Photosynthesis in green plants is the basis for all life on earth. The chlorophyll-protein complexes of photosynthesis are embedded into the thylakoid membranes of chloroplasts. Chloroplasts are capable of synthesizing a unique set of membrane lipids and isoprenoid lipids, some of which are essential for human nutrition, e.g., tocopherol (vitamin E), phylloquinone (vitamin K) and β-carotene (provitamin A). Galactolipids represent the most abundant membrane lipid class in chloroplasts. The analysis of Arabidopsis
mutants revealed that galactolipids are essential for growth and photosynthesis.
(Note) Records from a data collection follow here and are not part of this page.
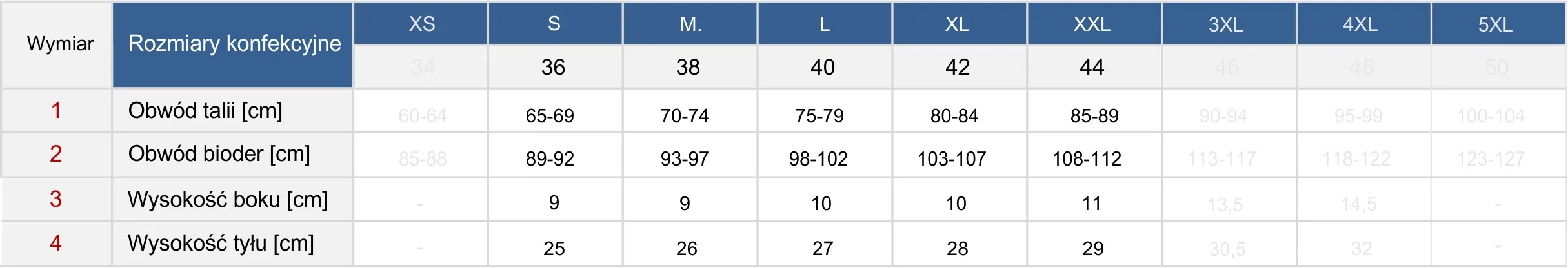 - Rozmiary: S/36, M/38, L/40, XL/42, XXL/44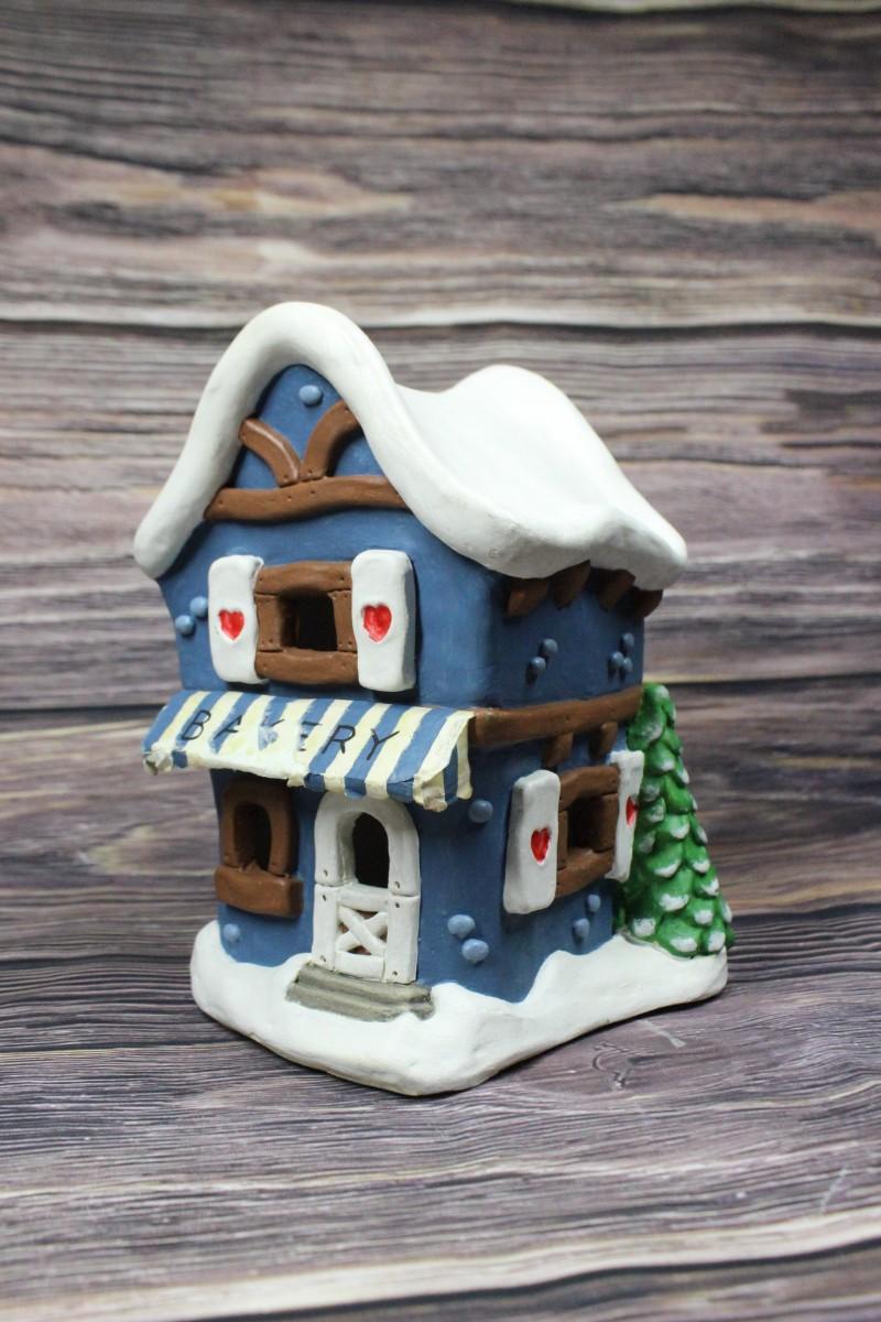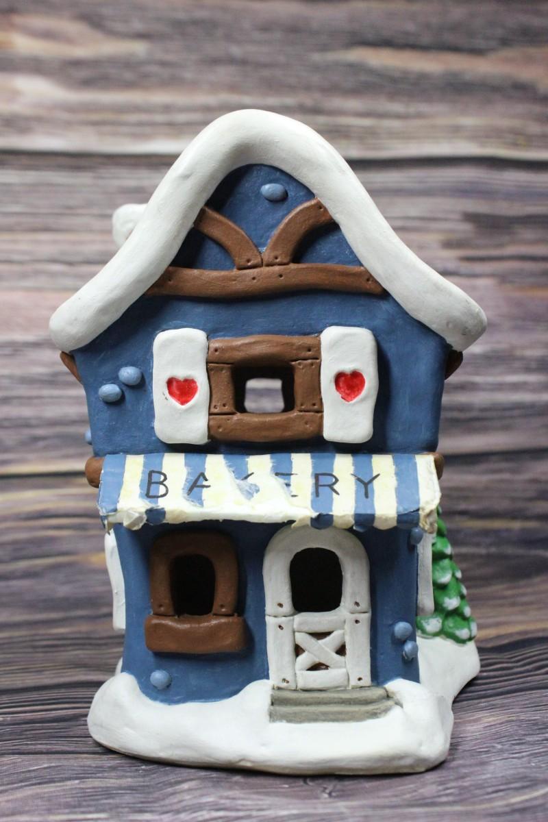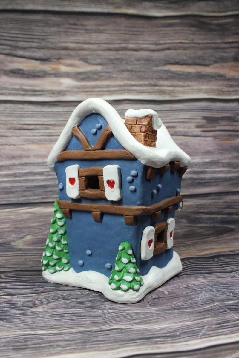 Vintage Winter Christmas Holiday Cottage Ceramic Model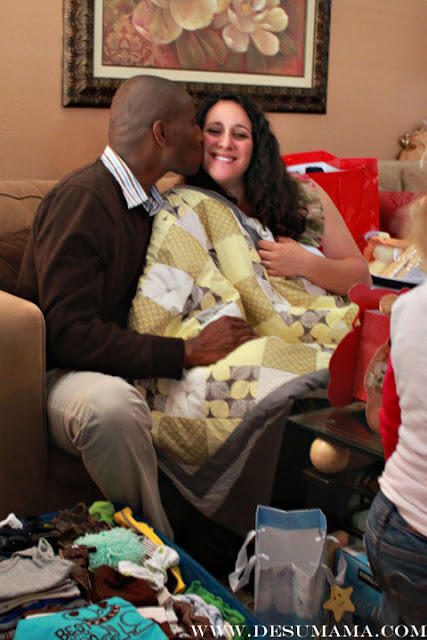 But they wanted to celebrate our new boy, so a compromise was made: a low key pot luck at Grammy’s for family to enjoy. Just come and eat. No games or other craziness. Truth be told, when I woke up on my non-baby shower day, I was SUPER excited!! And ultimately, very spoiled. Our Son received so many heartfelt gifts, including handmade blankets, a custom made mobile and even a few accessories for an outfit I recently blogged about…
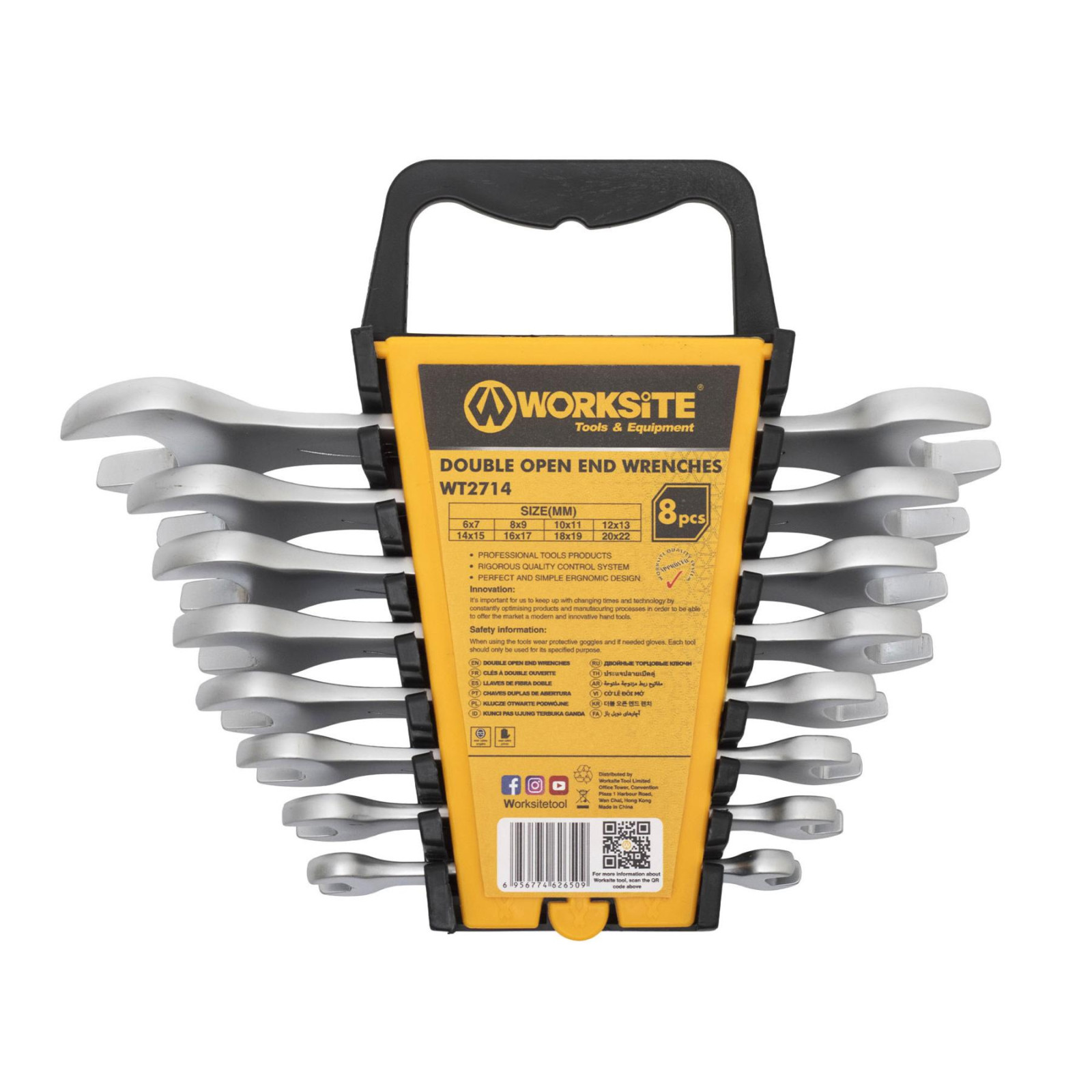 WORKSITE WT2714 mindkét végén nyitott villáskulcs készlet, 8db, Cr-V acél, praktikus tároló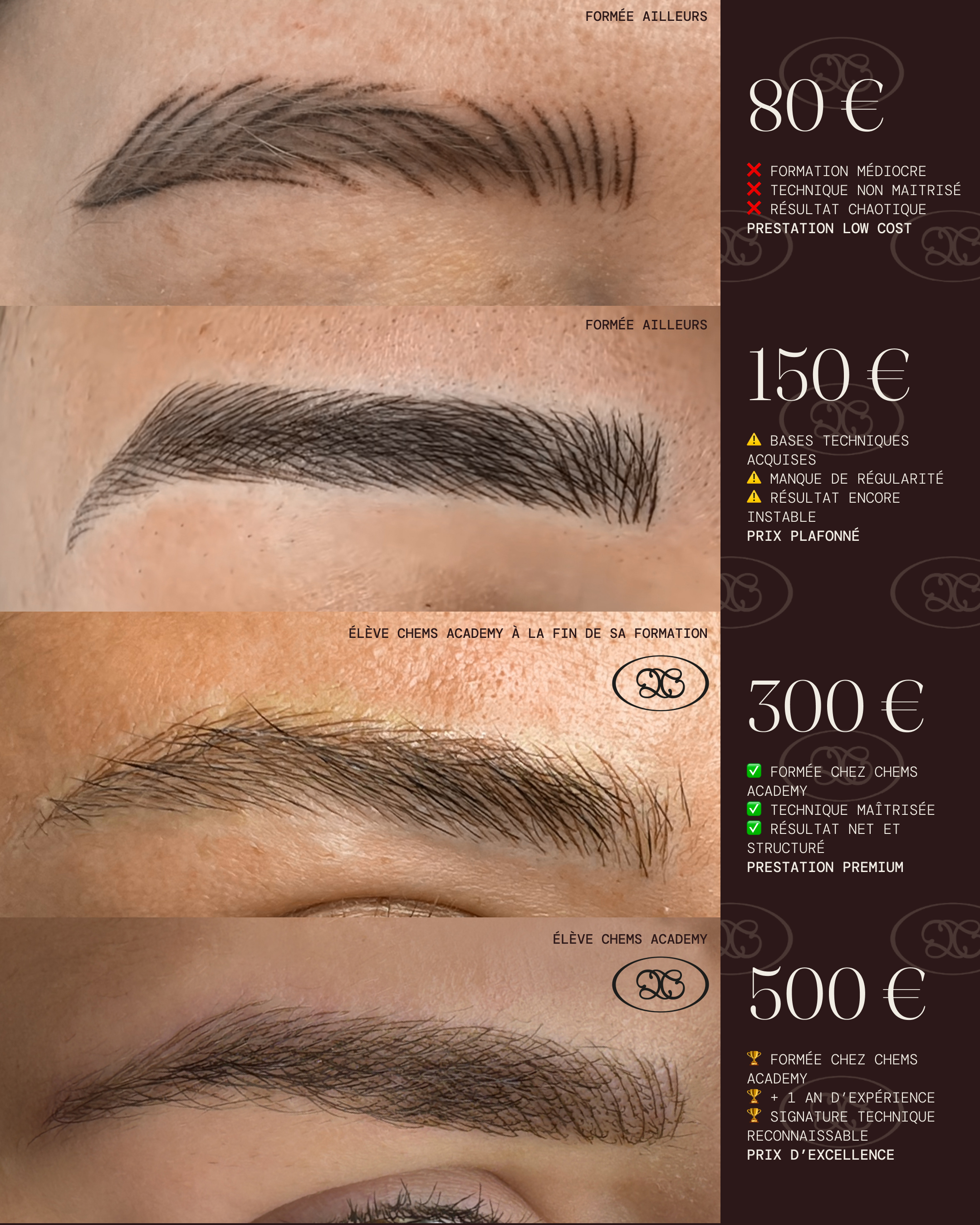 Une formation de 2 jours sur Lyon, vraiment très bien, une équipe bienveillante, un suivi de 6 mois très sérieux (pour l'obtention du diplôme). Être formée par Chems Latreche, c'est tout simplement acquérir la meilleure technique dans le maquillage du sourcils, que l'on ne voit nulle par ailleurs ! JUSTE QUE DU BONHEUR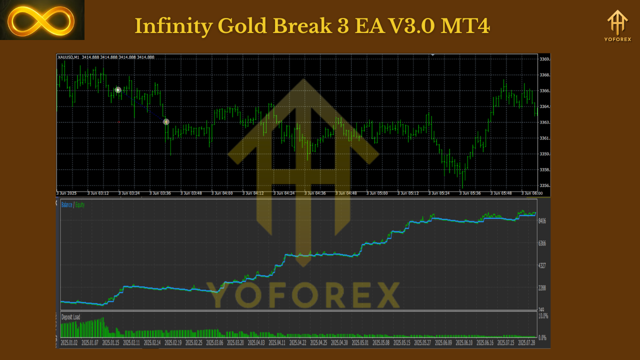 Infinity Gold Break 3 EA is a MetaTrader 4 expert advisor dedicated to breakout trading on gold and major forex pairs. It runs fully automated, making it ideal for both beginners and intermediate traders.

Furthermore, galactolipids are critical during growth on phosphate-limiting soils, because they replace phospholipids in the membranes and make phosphate available for other important cellular processes. Tocopherol (vitamin E) is one of the most important antioxidants. Thus, vitamin E is used as a major dietary supplement for human nutrition. Interestingly, growth and photosynthesis of Arabidopsis
mutants carrying a defect in tocopherol biosynthesis are very similar to wild type, indicating that tocopherol can be substituted by other antioxidants in the plant cell. Employing biotechnological approaches, the natural form of vitamin E required to serve a growing population might be derived from transgenic crop plants in the near future.